The procedural differences in a Contempt proceeding include the fact that the defendant is entitled to an oral hearing, as opposed to merely defending a Motion brought on Affidavit evidence. This creates scheduling difficulties and longer lead times and adds to cost.

It is possible, however, with a view to controlling cost and minimizing delays, for the Affidavit evidence supporting the Motion for Contempt to be accepted as the deponent’s evidence-in-chief, with the complaining party being cross-examined on their Affidavits. Similarly, the issue can be addressed by having a pre-motion examination for discovery on the Affidavits and then a proceeding using Affidavit evidence and those transcripts.

Because of the potential remedies in a Contempt proceeding, compliance with the applicable Rules of Civil Procedure is often strictly construed and much more rigorous. There is an enhanced level of clarity and specificity as to the alleged breaches (who, what, when, where, why) that must be contained in the Notice of the proceeding (although there is some case law stating that you can look to the combined presentation in the Notice of the proceeding and the supporting affidavits). Hearsay evidence, unless not challenged or not central to the issues, is generally prohibited. The Court Orders in question need to be specifically clear as to the actions necessary to comply, or to avoid breaching, though there is some jurisprudence that states that one must comply with the spirit and intent of a Court Order.

Therefore, in most circumstances, there is not much to be gained by pursuing a Contempt procedure as opposed to a Compliance Motion, unless previous Compliance Motions have proven to be futile.

Satisfying the Burden of Proof

In a Contempt proceeding, proof to a standard of beyond a reasonable doubt is often enhanced by third-party evidence and showing a persistent pattern of behavior, despite communications about the prior breaches. In Canada, it is not necessary to prove any intent to interfere with the administration of justice, but merely intent or recklessness regarding a known requirement of the Court Order. The proof required is not that the alleged contemnor knowingly chose to disobey a Court Order, but merely that the offending parent committed an intentional act or omission that itself involves a breach of the Order.

There is a difference between the complaining parent’s legal burden of proof, however, and the evidential burden of proof. Once the complaining parent has demonstrated a clear Court Order and an intentional act or omission (or reckless act or omission) that involves a non-compliance with that Order, the defendant must respond with evidence to demonstrate sufficient legal justification for the non-compliance in the circumstances. This is a shift of the “evidential burden,” not a shift in the burden of proof.

Defenses in such circumstances involve proving mitigating factors or having purged the Contempt and offering compensation, such as makeup time.

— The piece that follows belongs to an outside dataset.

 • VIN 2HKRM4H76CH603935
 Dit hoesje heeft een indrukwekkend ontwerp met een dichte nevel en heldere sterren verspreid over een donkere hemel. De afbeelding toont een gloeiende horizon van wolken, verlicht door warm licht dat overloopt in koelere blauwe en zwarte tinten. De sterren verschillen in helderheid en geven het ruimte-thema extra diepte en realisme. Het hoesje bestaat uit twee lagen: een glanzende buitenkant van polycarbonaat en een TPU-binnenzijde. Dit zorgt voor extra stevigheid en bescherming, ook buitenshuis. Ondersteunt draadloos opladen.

Older case law struggled with describing the expected exercise of parental authority and the expected effectiveness of a parent, when examining the asserted defenses of the defendant. In almost all cases the offending parent states that they were “encouraging” the child to attend for their parenting time with the other parent and had told the child that going to the other parent was acceptable to them, but that they “couldn’t get the child to go.” This rather facile defence was in some cases actually considered satisfactory.

More modern case law, however, is clear on the necessity to demonstrate good faith and effective parenting, as if the issue was the child’s refusal to go to school or refusal to go to a doctor. Parents must demonstrate compliance with parenting Orders by indicating what guidance, boundaries, incentives and consequences they are deploying in their parenting and how those have been escalated over time if the children nonetheless continue to refuse to obey their parental directives.

The jurisprudence is clear that “leaving it up to the child” to decide whether or not to attend parenting time with the other parent can be Contempt of Court, since it results in an abdication of parental authority on the issue of parenting time. Passively permitting Court Orders to be undermined, without taking all reasonable steps to cause the children to comply, is generally held to be Contempt. The typical permissiveness and submissiveness betrayed by alienating parents results in overpowered children who act in dysfunctional and antisocial ways.